Hindistan'da 1792'den önce cadı avına dair belgelenmiş bir kanıt yoktur. Hindistan'daki cadı avlarının en eski kanıtı, 1792'deki Santhal cadı davalarında bulunabilir. Şirket yönetimindeki Hindistan'daki Chhotanagpur bölümünün Singhbhum bölgesinde, yalnızca cadı olmakla suçlananlar öldürüldü, ancak sanıklarla ilgili olanlar da ölümlerin intikamını almayacaklarından emin olmak için öldürüldü (Roy Choudhary 1958: 88). Chhotanagpur bölgesi, büyük ölçüde Santhals adı verilen bir adivasi nüfusu tarafından dolduruldu. Cadıların varlığı, Santhals için merkezi bir inançtı. Cadılardan korkuluyordu ve anti-sosyal faaliyetlerde bulunmaları gerekiyordu. Ayrıca, bağırsaklarını besleyerek ve diğer kötülüklerin yanı sıra sığırlarda ateşe neden olarak insanları öldürme gücüne sahip olmaları gerekiyordu. Bu nedenle, adivasi nüfusuna göre hastalıklarının ve hastalıklarının çaresi, sebep olarak görülen bu cadıların ortadan kaldırılmasıydı.

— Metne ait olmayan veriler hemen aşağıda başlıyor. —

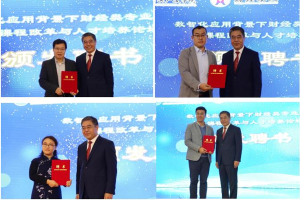 陳西峰為山東財(cái)經(jīng)大學(xué)會(huì)計(jì)學(xué)院院長(zhǎng)王愛國(guó)教授、華僑大學(xué)工商管理學(xué)院博士生導(dǎo)師楊洪濤教授、哈爾濱工程大學(xué)經(jīng)濟(jì)管理學(xué)院博士生導(dǎo)師楊忠海教授頒發(fā)客座教授聘書,為財(cái)智未來(lái)(北京)教育科技有限公司總監(jiān)聶鑫、中聯(lián)集團(tuán)教育科技有限公司產(chǎn)教融合事業(yè)部總監(jiān)侯劉成頒發(fā)企業(yè)導(dǎo)師聘書。

Santhaller arasında cadı avı uygulaması Avrupa'dakinden daha acımasızdı. Cadıların yakılmadan önce boğulduğu Avrupa'nın aksine, santhals onları "..insan dışkısını yemeye ve onları alevlere atmadan önce kan içmeye" zorladı.

Doğu Hindistan Şirketi (EIC) 1840-1850'lerde Gujarat, Rajasthan ve Chhotanagpur'da cadıların zulmünü yasakladı. Yasağa rağmen, cadı avının suç olarak görülmediği için çok az vaka bildirildi. Santhals, yasağın aslında cadıların faaliyetlerinin gelişmesine izin verdiğine inanıyordu. Böylece yasağın etkisi, EIC'nin amaçladığı şeyin tersi oldu. 1857-58 sırasında cadı avında bir artış oldu; Bu, bazı akademisyenlerin faaliyetin yeniden canlanmasını Şirket yönetimine karşı bir direniş biçimi olarak görmelerine yol açan büyük bir isyan dönemine denk geliyor.

Modern vakalar

Annelie Grund tarafından 16. ve 17. yüzyıl Bernau, Almanya'daki cadı avlarının kurbanları için anıt

Büyüye olan inancın yaygın olduğu toplumlarda cadı avları günümüzde de devam etmektedir . Çoğu durumda, bunlar Sahra Altı Afrika'nın çoğundan, Suudi Arabistan'dan ve Papua Yeni Gine'den düzenli olarak bildirilen linç ve yakma örnekleridir . Ayrıca, büyücülük uygulamasına karşı yasaları olan bazı ülkeler var. Büyücülüğün yasal olarak ölümle cezalandırıldığı tek ülke Suudi Arabistan.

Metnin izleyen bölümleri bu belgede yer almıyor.